Criada para tornar a gestão pública mais transparente, a Lei de Acesso à Informação virou alvo de discórdia. Servidores federais ameaçam ir à Justiça após a publicação do decreto determinando a divulgação na internet de salários, auxílios, ajudas de custo, jetons e “quaisquer vantagens pecuniárias,” de maneira individualizada, dos ocupantes de cargos públicos.
Válido para o Executivo federal, o decreto publicado ontem no Diário Oficial da União deve constranger os poderes Judiciário e Legislativo de todo País – e vai na contramão da postura do Senado Federal, que decidiu que os vencimentos dos funcionários são informação protegida.
Para o secretário-geral da Confederação dos Trabalhadores no Serviço Público Federal (Condsef), Josemilton Maurício da Costa, a divulgação de salários expõe a intimidade do servidor. “Transparência tem limite. O servidor já declara imposto de renda, vai ter exposto o contracheque pra todo mundo ver?
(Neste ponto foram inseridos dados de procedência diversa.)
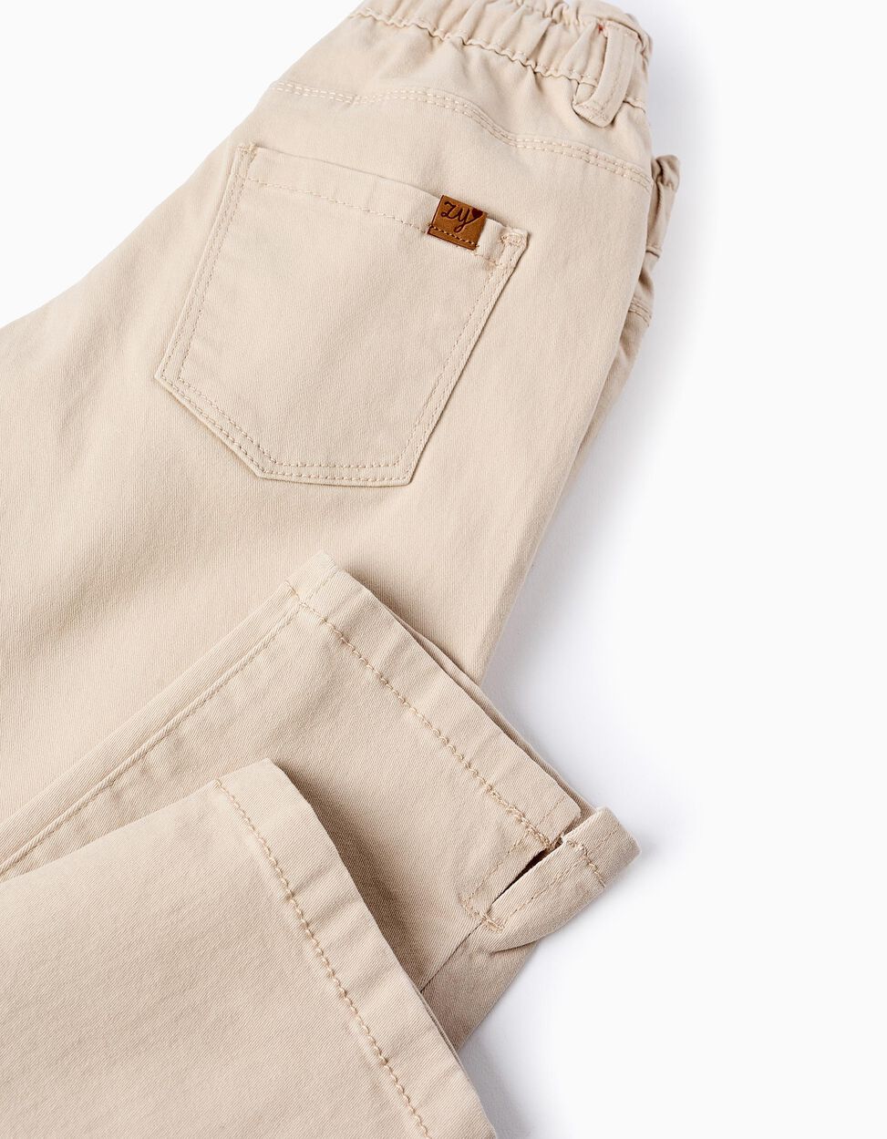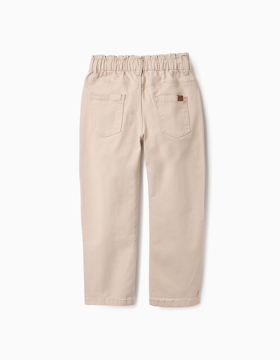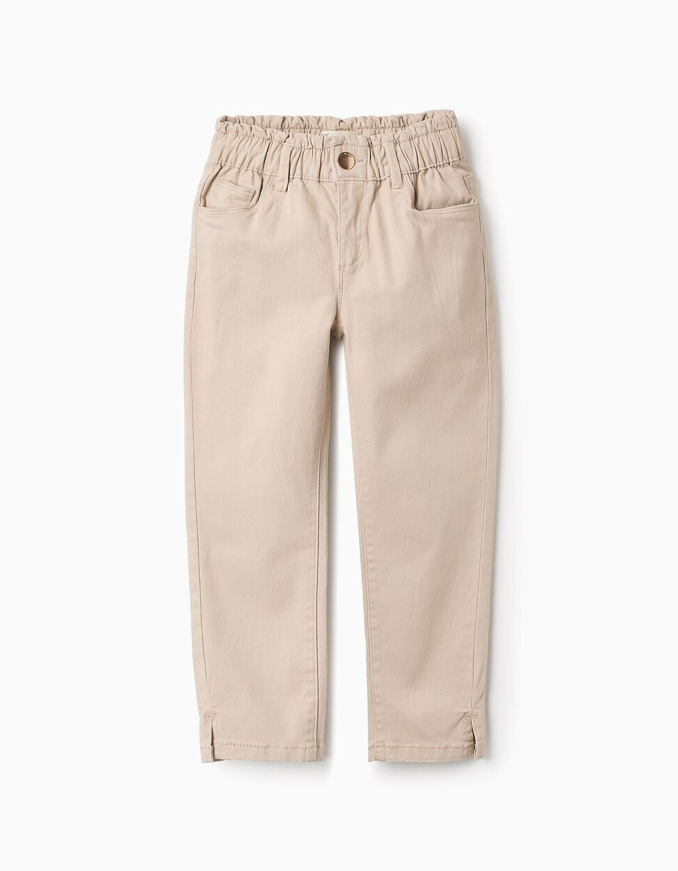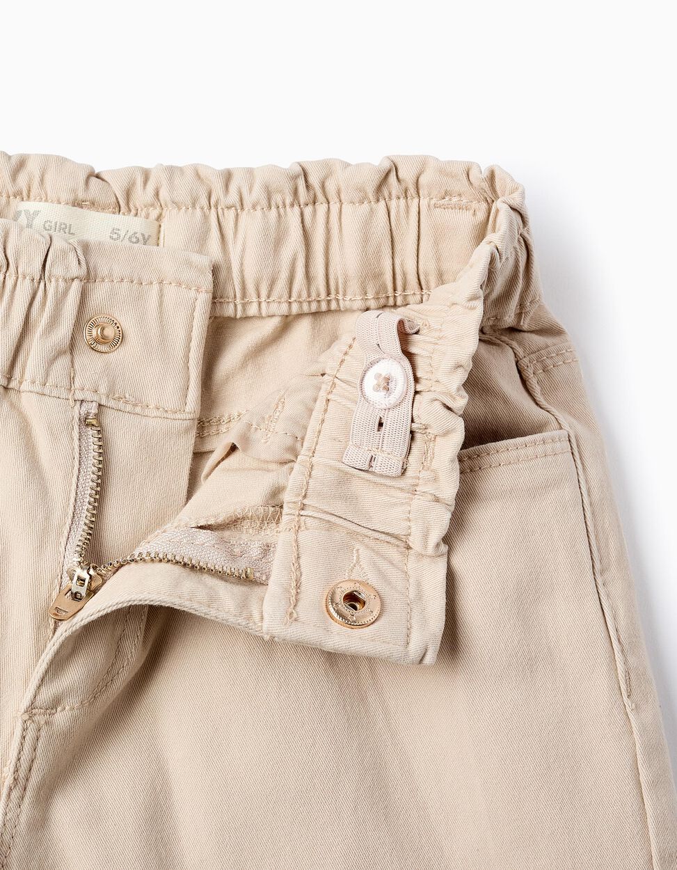 Beige trousers for girls, in cotton twill with a touch of stretch for greater comfort and freedom of movement. Paperbag waist, elastic and adjustable on the inside. Five pockets. Comfortable trousers that are also trendy. Big Me: fastens with a snap button under a decorative button up to size 8/9, to make dressing easier and promote your child's independence.
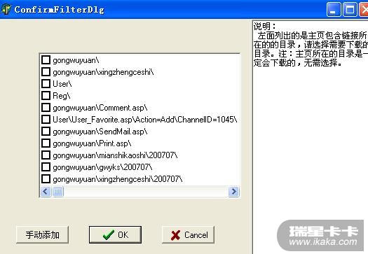 在手动添加中输入你想保存的内容就可以了 比如我想保存gongwuyuan下面的xingzhengceshi这个子目录,我就输入gongwuyuan\xingzhengceshi
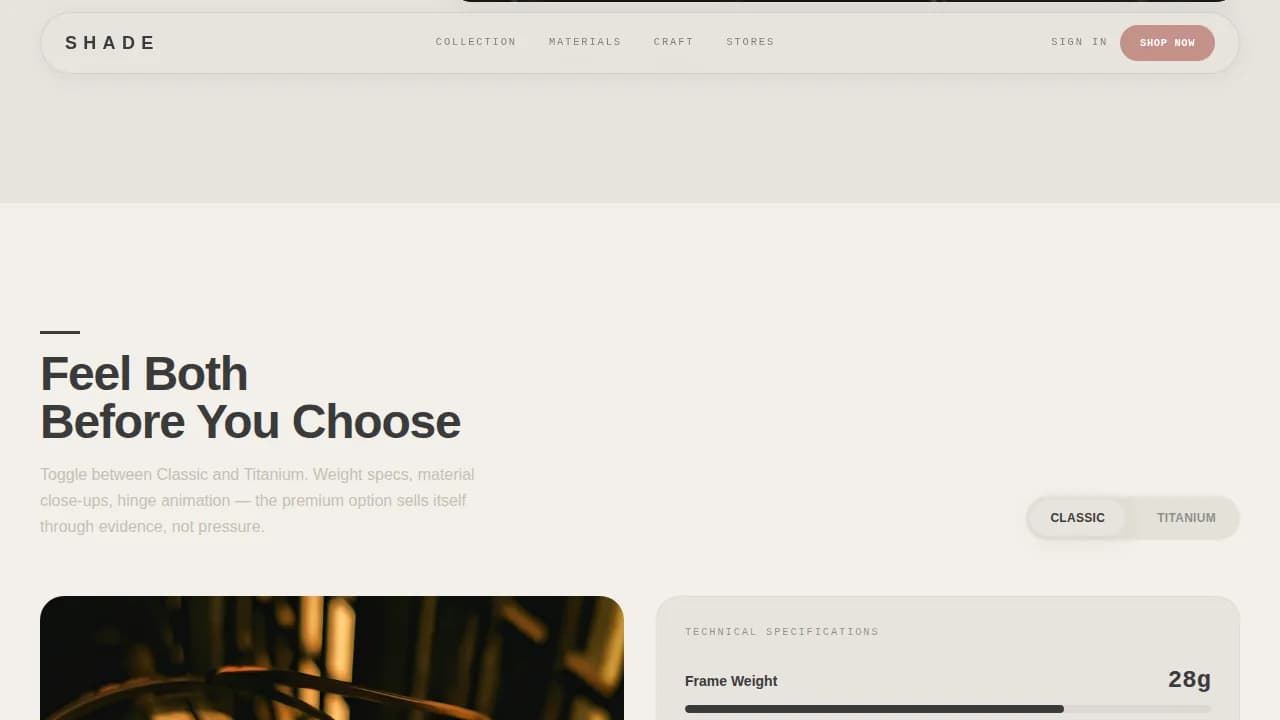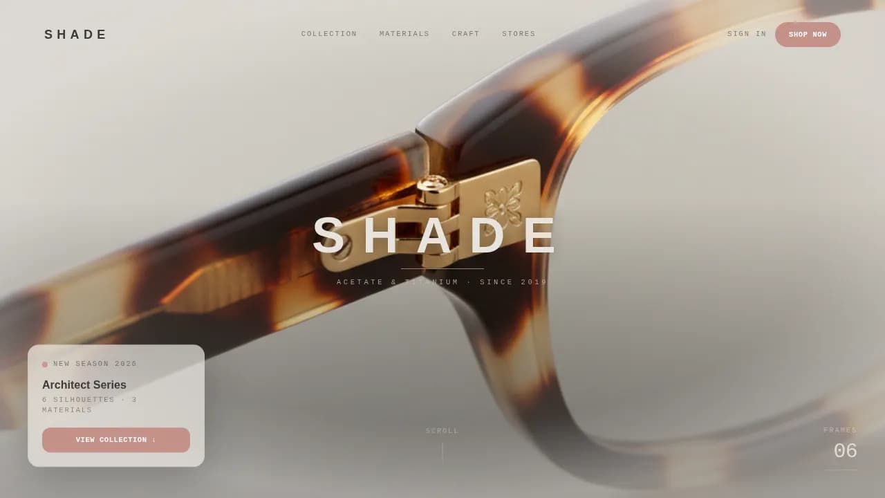 Shade is a gallery-style landing page built for an architectural eyewear brand. It pairs a Bold Brutalist design sensibility with a Soft Mist color system to let the product take center stage. The page guides visitors through a curated frame collection, an interactive material toggle, and a clear titanium upgrade path, all rendered in raw concrete aesthetics and sharp graphic detail.
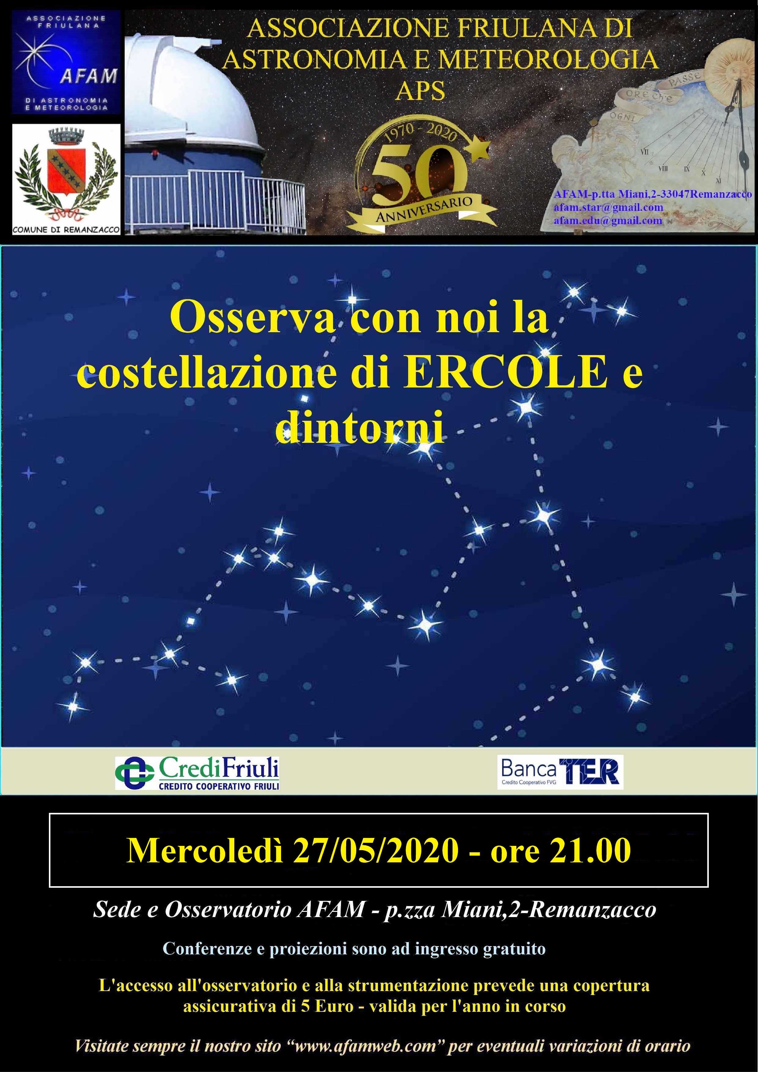 SERATA OSSERVATIVA Osserva con noi la costellazione di Ercole e dintorni |
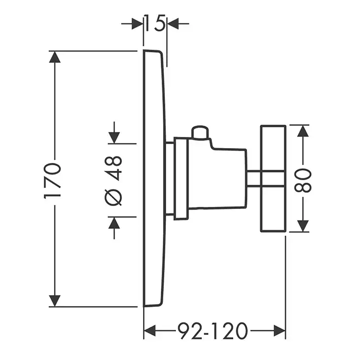 Axor Citterio Смеситель для душа, встраиваемый, термостатический на 1 потребитель, (внешняя часть), цвет: шлифованный черный хром
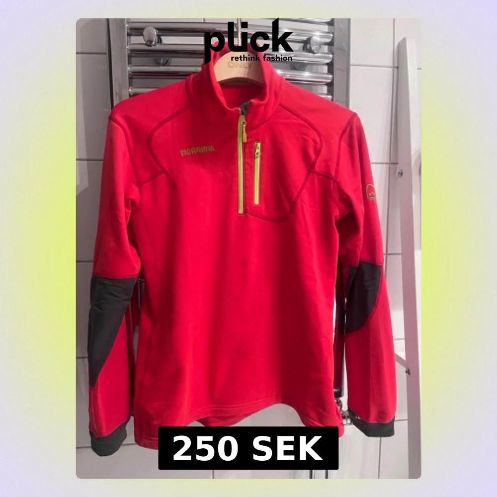 Röd fleece från Norrøna med halv dragkedja och bröstficka med gulgrön dragkedja. Svarta förstärkningar på armbågarna och hög krage. Perfekt för lager-på-lager och outdoor. Broderad logga på bröstet.
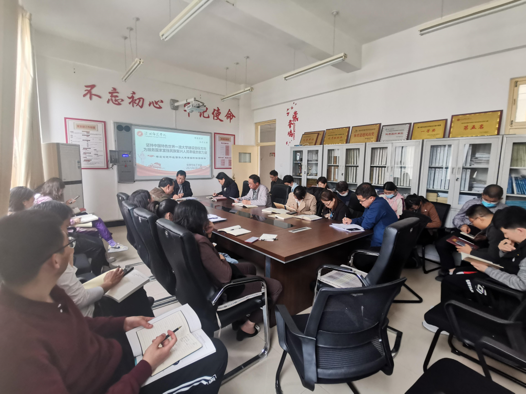 在清华大学建校110周年校庆日即将来临之际,中共中央总书记、国家主席、中央军委主席习近平来到清华大学考察,并发表了重要讲话。为深入贯彻落实习近平总书记讲话精神,按照《中共河北省委教育工委关于教育系统深入学习贯彻习近平总书记在清华大学考察时重要讲话精神的通知》要求,化学与化工学院高度重视,认真部署。

É no mínimo quebra de sigilo, é desrespeito à intimidade do servidor e abre espaço para tudo que é mazela, sequestro relâmpago, má fé”, criticou Costa. “A presidente Dilma tem de se preocupar é com quem pratica a dilapidação do patrimônio público”.
‘Legítimo direito de saber’
Na avaliação do secretário-geral do Sindicato dos Servidores Públicos Federais no DF, Oton Pereira, a divulgação individualizada é “invasão de privacidade”.
A Controladoria Geral da União (CGU) disse que a informação sobre salário “não é de caráter estritamente pessoal porque o salário é pago com recurso público e o cidadão que paga impostos tem legítimo direito de saber sobre salários pagos com recursos que ele paga”.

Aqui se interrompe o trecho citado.